_Given entries_
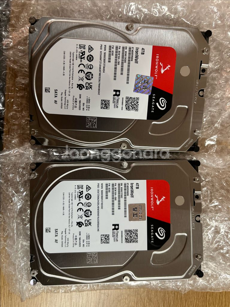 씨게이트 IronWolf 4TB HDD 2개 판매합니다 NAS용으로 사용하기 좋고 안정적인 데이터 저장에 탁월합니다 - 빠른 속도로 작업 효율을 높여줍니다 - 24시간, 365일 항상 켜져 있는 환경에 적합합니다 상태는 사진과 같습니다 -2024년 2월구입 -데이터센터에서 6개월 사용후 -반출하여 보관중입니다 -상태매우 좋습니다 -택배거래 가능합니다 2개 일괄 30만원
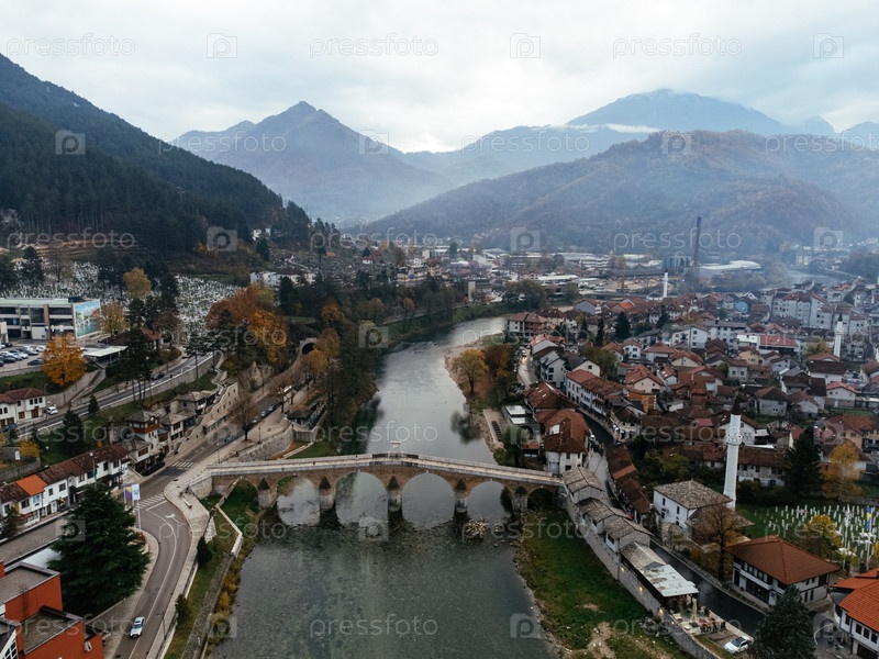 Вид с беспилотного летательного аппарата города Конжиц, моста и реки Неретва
...
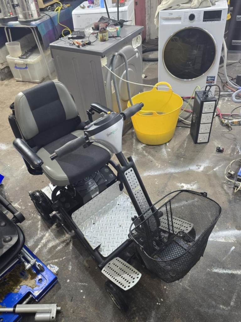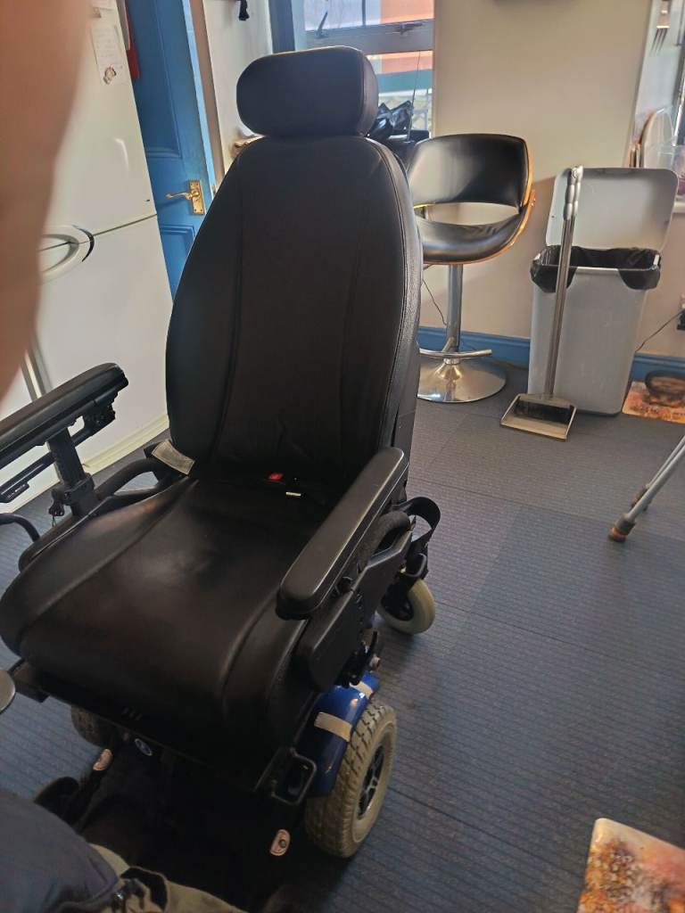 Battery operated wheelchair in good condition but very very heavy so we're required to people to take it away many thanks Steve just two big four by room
==
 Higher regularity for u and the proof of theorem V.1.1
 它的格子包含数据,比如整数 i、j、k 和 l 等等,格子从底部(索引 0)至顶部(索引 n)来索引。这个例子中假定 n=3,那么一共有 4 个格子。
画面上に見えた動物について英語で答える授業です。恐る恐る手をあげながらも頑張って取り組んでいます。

_Your instructions_
From the data above, return only the lines starting at the line that holds "씨게이트 IronWolf 4TB" and ending at the line that holds "Вид с беспилотного", word for word and without pictures.

_Answer box_
 씨게이트 IronWolf 4TB HDD 2개 판매합니다 NAS용으로 사용하기 좋고 안정적인 데이터 저장에 탁월합니다 - 빠른 속도로 작업 효율을 높여줍니다 - 24시간, 365일 항상 켜져 있는 환경에 적합합니다 상태는 사진과 같습니다 -2024년 2월구입 -데이터센터에서 6개월 사용후 -반출하여 보관중입니다 -상태매우 좋습니다 -택배거래 가능합니다 2개 일괄 30만원
 Вид с беспилотного летательного аппарата города Конжиц, моста и реки Неретва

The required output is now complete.